Financing Challenges

While cash flow management is crucial, it all starts with having enough financial resources in the first place. 

“Of course!” you say. 

Doesn’t everybody wish they had a blank check from a wealthy, ethical, no-strings-attached funder? 

Well sure, and we’d be happy if you’d give them our number!

But the reality is, many businesses with millions in funding still don’t succeed. A blank check isn’t the answer to everything. 

Unrealistic Funding Expectations

Launching a business requires investment. 

Whether it’s personal savings, loans, or venture capital, not having enough capital to cover initial expenses and operational costs can hinder your ability to gain traction and establish a strong foundation. Entrepreneurs are often brimming with optimism, but it’s important to have realistic expectations about how much funding you’ll need to get your business off the ground. Underestimating your financial requirements can lead to a funding gap that limits your progress.

For example, if you’re thinking of launching a business that will require significant marketing efforts to succeed, it may be better to wait until you’ve secured enough funding for marketing before taking the leap.

The “lean” method can only take you so far, and it varies wildly based on industry and situation.

Poor Financial Planning

Beyond simply securing funding, a well-defined financial plan is essential. This plan should outline your funding needs, potential revenue streams, and strategies for managing your cash flow. 

By carefully considering your funding needs, developing a sound financial plan, and securing adequate resources, you can set your business up for long-term success…with or without that magical blank check!  

Operational Efficiency: Streamlining Your Path to Success

Operational efficiency is all about optimizing your processes to achieve maximum results with minimal wasted resources. Here’s how inefficient operations can impact your business:

  • Wasted Time and Resources: Inefficient processes can lead to wasted time spent on repetitive tasks, unnecessary rework, and underutilized resources. This not only frustrates employees but also translates to lost productivity and higher costs.
  • Inconsistent Quality: Inefficiencies can lead to inconsistencies in product quality or service delivery. This can damage your reputation and customer satisfaction.
  • Hindered Growth: As your business grows, inefficient processes become bottlenecks, hindering your ability to scale effectively. Streamlining your operations allows you to handle increased demand and grab those growth opportunities.

Here are some ways to improve your operational efficiency:

  • Embrace Technology: Automation and digital tools can free up your team’s time for more strategic tasks. Invest in software solutions that automate repetitive tasks, streamline workflows, and improve data analysis.
  • Standardize Processes: Develop clear and consistent procedures for various tasks within your business. This ensures everyone is on the same page, reduces errors, and improves overall efficiency.
  • Regularly Analyze and Improve: Don’t settle for the status quo. Regularly evaluate your processes, identify areas for improvement, and implement changes to optimize your operations.
  • Foster a Culture of Efficiency: Encourage your team to identify inefficiencies and suggest improvements. By empowering your employees and fostering a culture of continuous improvement, you can create a more efficient and adaptable business.
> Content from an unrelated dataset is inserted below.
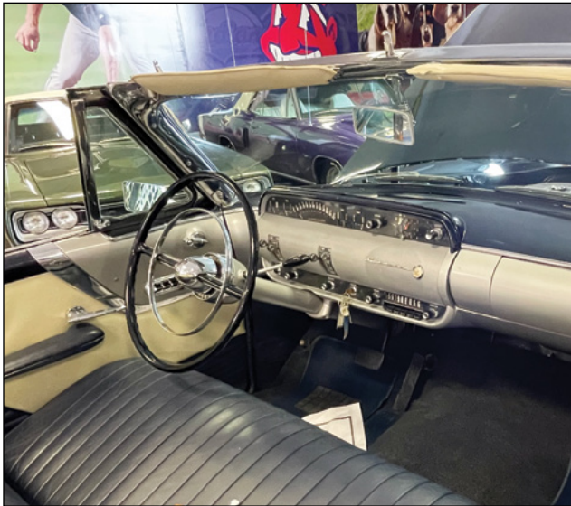
This simply elegant 1953 Lincoln Convertible dashboard would help make driving a true pleasure.

By prioritizing operational efficiency, you can free up valuable resources, improve your bottom line, and position your business for sustainable growth. 

Remember, efficiency doesn’t mean cutting corners; it’s about working smarter, not harder.
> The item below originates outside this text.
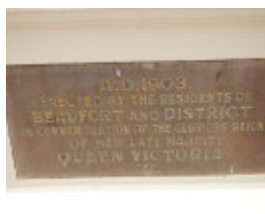
Beaufort Band Rotunda

Focusing on The Customer and Evolving Marketing Trends

“Over 40% of small businesses fail because there’s an insufficient need for their product or service.” – US Chamber of Commerce 

The business landscape is dynamic, constantly evolving with new technologies, consumer preferences, and economic shifts. 

Business owners need to stay on top of this – just think of how much happened in our world in the last 10 years! 

Many businesses lose touch with their audience, assuming their needs are the same as when they first started out. 

Others fail to keep their fingers on the pulse of evolving markets, missing out on perfect pivot opportunities and untapped market segments. 

Don’t let this be your story!

How to stay relevant and thrive in an evolving marketplace

  • Embrace Customer Centricity: Put your customers at the heart of everything you do. Gather customer feedback, analyze buying patterns, and adapt your offerings accordingly.
  • Foster a Culture of Innovation: Encourage a culture of creativity and experimentation within your organization. Invest in research and development, explore new technologies, and actively seek ways to improve your products and services to better meet your customers’ needs.
  • Stay Agile and Adaptable: Be prepared to change your strategies and business model as necessary.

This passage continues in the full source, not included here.